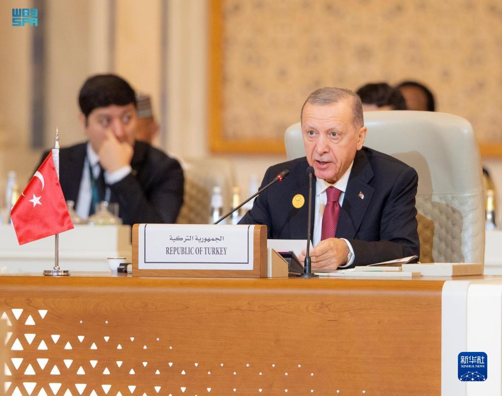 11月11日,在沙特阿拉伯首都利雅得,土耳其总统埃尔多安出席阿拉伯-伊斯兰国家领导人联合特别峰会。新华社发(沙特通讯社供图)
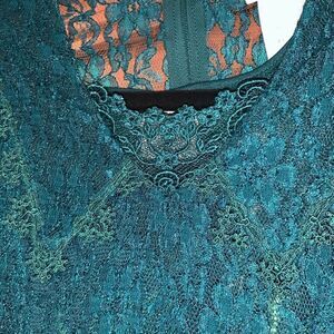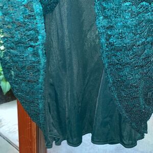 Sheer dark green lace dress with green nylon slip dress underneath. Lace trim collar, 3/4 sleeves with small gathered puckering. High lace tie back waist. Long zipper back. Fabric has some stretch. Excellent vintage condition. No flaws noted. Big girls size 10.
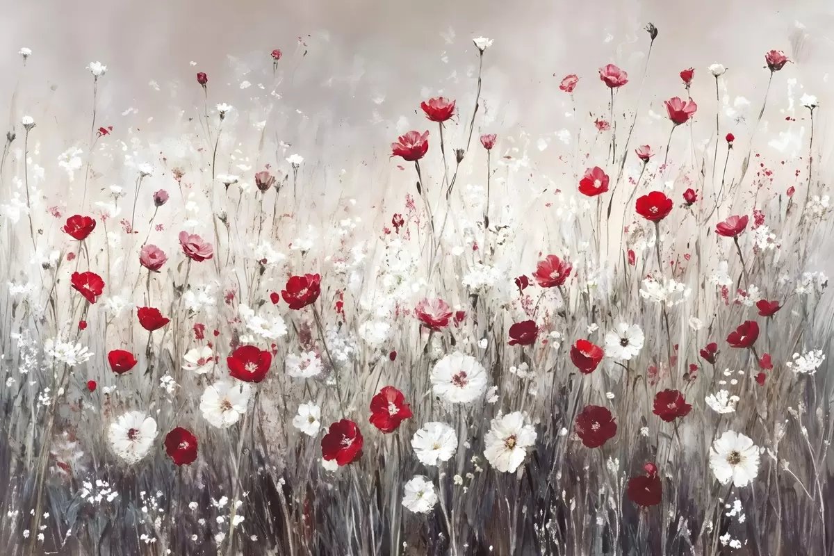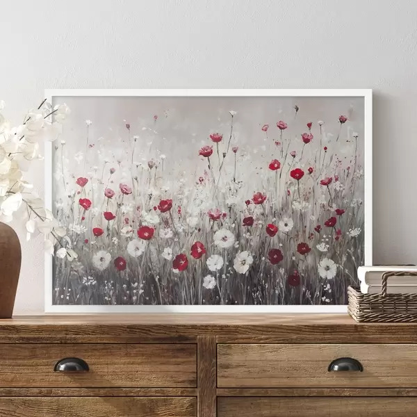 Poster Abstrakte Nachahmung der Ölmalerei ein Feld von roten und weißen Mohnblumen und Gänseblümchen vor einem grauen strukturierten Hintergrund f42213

EXERCISE:
A faithful copy is needed: reproduce all of the data above, leaving the pictures out.

WRITTEN ANSWER:
 11月11日,在沙特阿拉伯首都利雅得,土耳其总统埃尔多安出席阿拉伯-伊斯兰国家领导人联合特别峰会。新华社发(沙特通讯社供图)
 Sheer dark green lace dress with green nylon slip dress underneath. Lace trim collar, 3/4 sleeves with small gathered puckering. High lace tie back waist. Long zipper back. Fabric has some stretch. Excellent vintage condition. No flaws noted. Big girls size 10.
 Poster Abstrakte Nachahmung der Ölmalerei ein Feld von roten und weißen Mohnblumen und Gänseblümchen vor einem grauen strukturierten Hintergrund f42213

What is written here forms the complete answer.